South Arts, Hub City Press; 2024 

Softcover: $17.95 

Genre: Short Fiction 

Reviewed by Edward Journey 

 

Cover of WHAT WE ARE BECOMING.

It is good news that South Arts, which has been supporting Southern arts in some form or another for almost half a century (it was previously Southern Arts Federation), now has a literary arts component under its far-reaching umbrella. It has kicked that new outreach off with an anthology of short fiction, What We Are Becoming, with an Introduction by John T. Edge, a Foreword by South Arts CEO Suzette M. Surkamer, and featuring nine stories by winners of State Fellowships for the Literary Arts in the nine states served by South Arts. 

It is a diverse collection of writers and a reflection of a South that is “forever becoming,” in the words of John T. Edge. In Randi Pink’s “Killed the Mockingbird,” Calpurnia steps out of the shadow of the Finch family and defines herself as “the load-bearing walls” of To Kill a Mockingbird. “Obeah” by Camille Boxhill opens with a meditation, of sorts, on Jamaican voodoo as Candice, in her mother’s house, reflects on her past, her present, and her mother’s reaction “if she knew my plans” for the future – “Would she blame herself? Disown me?” Much is left unsaid in “Obeah.” 

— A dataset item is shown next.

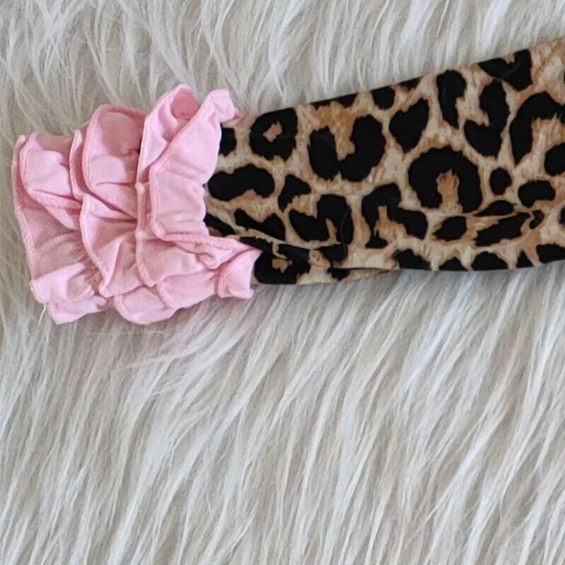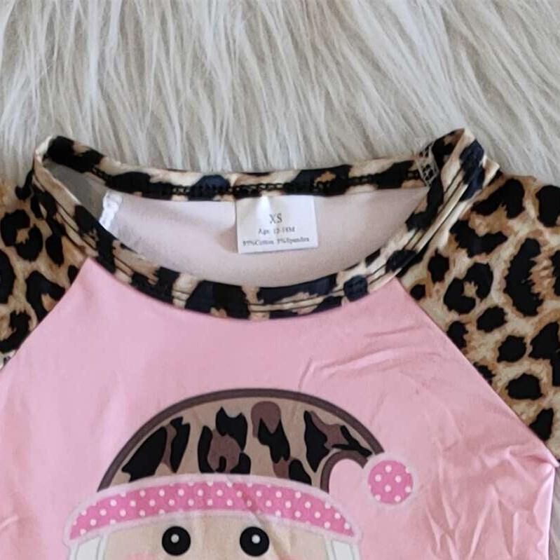 Pink Christmas Santa Leopard Print Ruffles Newborn Romper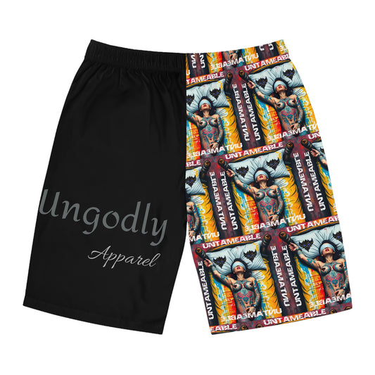 "Ungodly Fetish Board Shorts" Bold Graphic Board Shorts - Trendy Swimwear for Beach Days, Summer Fun, Pool Parties, or Vacation Style - Ungodly Apparel

An excerpt from Constance Collier-Mercado’s None of This Is Real features a long and edgy phone call between two exes regarding the child they co-parent, revealing much about the causes of their failed marriage. Another excerpt, from What the Wolf Wants by Ashley Blooms, considers Esther’s childhood as “a blur of front doors and cracked foundations, leaking roofs and creaking floors, messy goodbyes and half-buttoned coats, and always, always, always, hurried escapes.” Esther plots her own escape from a wandering, thieving family, haunted by a dead baby’s ghost, leaving strands of his blanket as “a path in the woods” for him to be able to follow. 

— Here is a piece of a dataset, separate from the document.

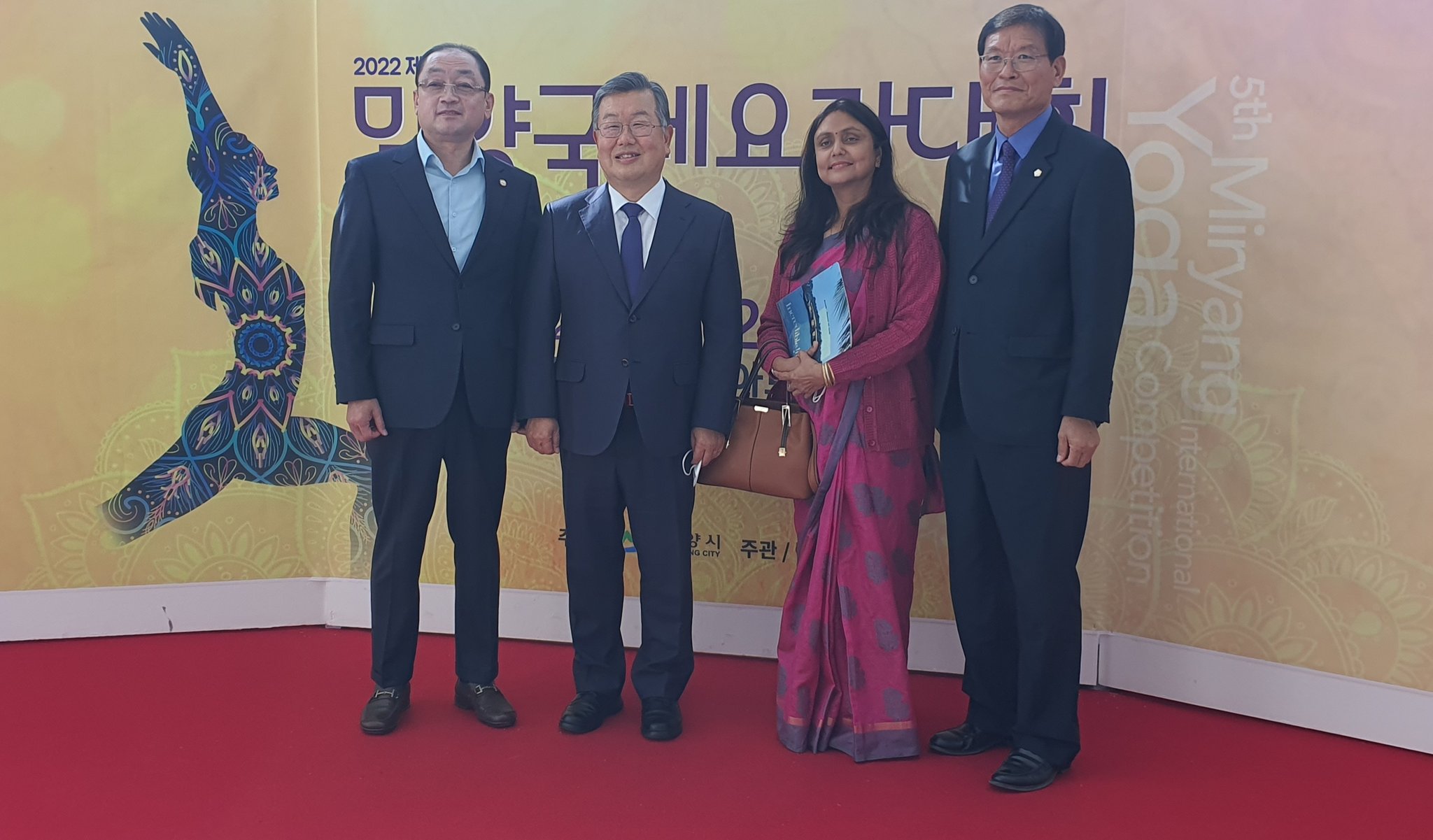 5th Miryang International Yoga Competition was organized by Mirang City in partnership with SVCC, Seoul. Mayor of Miryang, Park Il-ho and other Senior city officials were present at the inaugural ceremony. Director, SVCC, Sonu Trivedi also gave congratulatory message on this occasion and discussed about future areas of cooperation & the upcoming wellness centre for Yoga at Miryang. Yoga enthusiasts from different countries actively participated in the competition.

“Caesura Pittman, or a Negress of God” by Maurice Carlos Ruffin, set in 1866 New Orleans, is a first-person narrative by the title character – a free woman of color committed to ensuring that her attempted rapist gets the justice he deserves in a racist court system.  Lane, the twice-bereaved central character in an excerpt from Melissa Ginsburg’s The House Uptown, deals with the realization that “everything was easier when she was on her own.” Joanna Pearson’s creepy coming-of-age story, “Amo, Amas, Amat,” follows a perhaps oblivious girl as she comes to grips with the loneliness all around. In “The Singing Membrane,” a story by F.E. Choe, a glassblower gives her dwelling over to migrating birds in placid, unsettling resignation. A recent widower and his son adjust to a radically new place after losing a spouse/mother in Yurina Yoshikawa’s “Dogwood.” Hoshie, the widowed man, smiles at concerned inquiries in a way “that’s crafted to reassure the other person that I’m grieving but functional.”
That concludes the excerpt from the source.